The majority of its function is to formalise the brutality, demonisation and removal of those they deem “outsiders”, the shit on the shiny shoe of the white British public. Racism doesn’t have to be intentional to be harmful, and the report proves that up until the scandal kicked off, many of those working within the Home Office didn’t understand the history of the Windrush generation or have a broader understanding of British colonialism. Their ignorance led directly to their mistreatment of a specific ethnic group.

This is in part why there has been an outpouring of anger in the day since the review has been released. Not only did Diane Abbott sternly admonish the government both for delaying the publication, which was supposed to be released last autumn, and for not making the copies of the review widely available, but 15 equality and migrant rights organisations, including the Runnymede Trust and the JCWI, have called for an independent review specifically looking into the extent of institutional racism in the Home Office. They have further questioned whether its immigration policies are in accordance with equality law around racial discrimination.

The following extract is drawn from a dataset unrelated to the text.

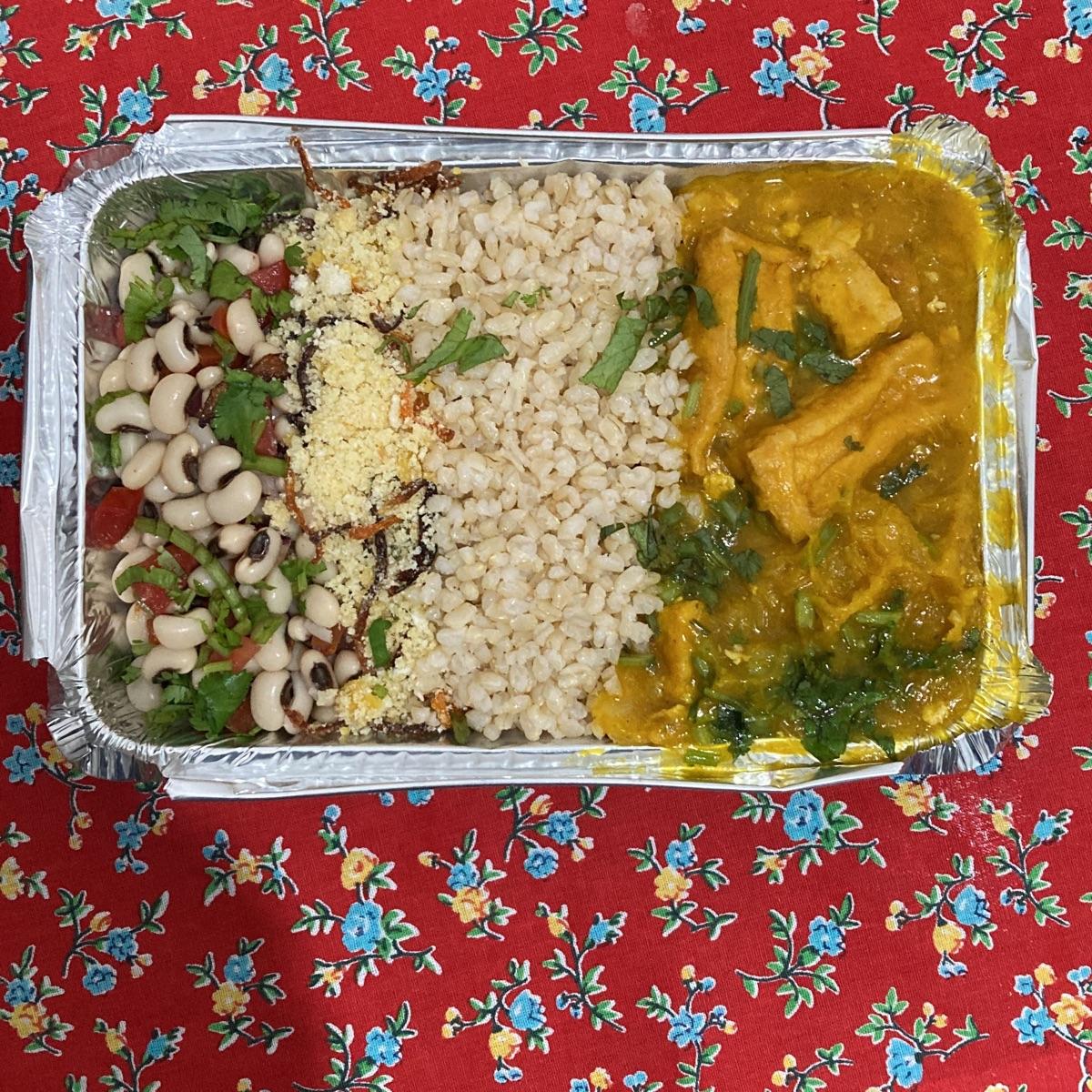 Acompanha feijão fradinho super bem temperado e uma farofinha crocante , deliciosa ! Mais um prato aprovado do Urbã ❤️ @ranchodosgnomos #ranchodosgnomos #casadoconsolador 💙🙌🏼🌱🌎🐻

The deputy director of the Runnymede Trust, Dr Zubaida Haque, said in a statement: “It is now incumbent on this government to not only ‘right the wrongs’ suffered by the Windrush generation (and other ethnic minority groups) as a result of the government’s hostile environment policies, but also to understand how and why Home Office culture, attitudes, immigration and citizenship policies have repeatedly discriminated against black and ethnic minority British citizens.” She added: “Unless the issues around institutional racism are meaningfully addressed, we risk the same mistakes and injustices being repeated.”

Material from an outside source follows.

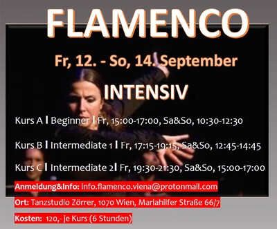 FLAMENCO Wochenend-Intensiv-Workshops vom 12.-14. September. Intensives Flamenco-Training für BEGINNER – INTERMEDIATE LEVELS.
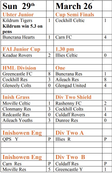 Inishowen Football League Results – Sunday 29/03/26

While the review has been criticised in some circles for pussyfooting around the definition of institutional racism (according to some sources the phrase was reportedly present in an earlier draft), its recommendations are surprisingly radical for a document produced in conjunction with the government and reference their own need to be carried out with immediacy. Wendy has identified the need for systemic change within the Home Office, for education around colonialism, and, in my opinion most importantly, further scrutiny of its practices at large. While the Windrush generation have been particularly poorly treated, it’s important to remember there is malpractice going on within the Home Office that extends to all sorts of people.

So what can you do to make sure this review doesn’t get shoved under the coronavirus rug? 

“While the Windrush generation were particularly poorly treated, it’s important to remember there is malpractice going on within the Home Office that extends to younger generations and to those who aren’t from the Caribbean too”

Firstly, pay attention to the language the Home Office is using. Priti Patel made it very clear yesterday that she wanted the Windrush scandal to be remembered as a failure of “successive” governments, and while this is true, it is the Conservatives who are currently in power and who currently have draconian immigration laws in place via the rebranded hostile environment – the “compliant environment”. The Tories need to take responsibility for their actions and to enact the change Wendy has outlined.

Secondly, support campaign work from those such as Patrick Vernon, who is currently leading on a petition to ensure that the 30 recommendations outlined by the review are implemented by the government. There has also recently been a crowdfund set up for victim Gbolagade Ibukun-Oluwa, who, it is written, needs the money to find somewhere to sleep in central London “while his paperwork is being regularised”.

And thirdly, stay angry. They tried to bury this. They released it at a time when they knew fewer people would be able to find the emotion or energy to care. But we owe it to the Windrush generation, regardless of their (innumerable) contributions to our society, to keep up the fight. Because we should never become jaded about the idea of open borders, nor forget the undeniable truth that the UK should open its arms to as many people as possible who decide they want to make their home here.